With an undergraduate degree in literature from Oxford University, she began teaching 19th and 20th century literature at the University of London and worked on a PhD. Three years later, her dissertation was rejected. Without it, she did not qualify to teach at the university level and took a job as head of the English department at a girls' school in London. Not long afterward, she was diagnosed with epilepsy. "After six years at the school I was asked to leave, but nicely," she said. "My early life is a complete catastrophe. It all worked out for the best."

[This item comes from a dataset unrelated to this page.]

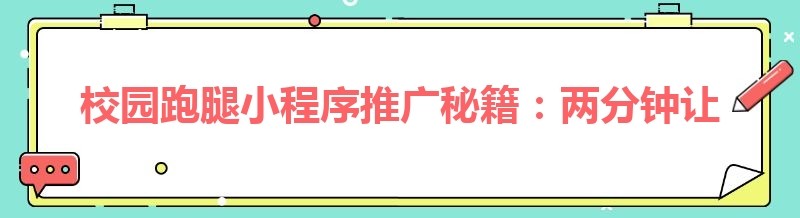 校园跑腿小程序推广秘籍:两分钟让你轻松掌握!

She left the school in 1982 and began working on television documentaries. The story that took her to Jerusalem set her on a new career path and changed her earlier impressions about God. She went from atheist to "freelance monotheist" but has never returned to the Catholic Church or joined any other.

Since her writing career took off, Armstrong's communion with God occurs in the library, where she spends up to three years researching her books, which are as densely packed with detail as her conversations. "I get my spirituality in study," she said. "The Jews say it happens, sometimes, studying the Torah."

It seems no one sacred scripture could satisfy her now. "It's inevitable that people turn to more than one religious tradition for inspiration," she said. "It's part of globalization." She recently read from the Buddhist canon of teachings for her next book. "Religion is like a raft," she said, explaining the Buddha's view of it. "Once you get across the river, moor the raft and go on. Don't lug it with you if you don't need it anymore." She knows that mode of travel: Leave one raft behind to pick up the next just ahead.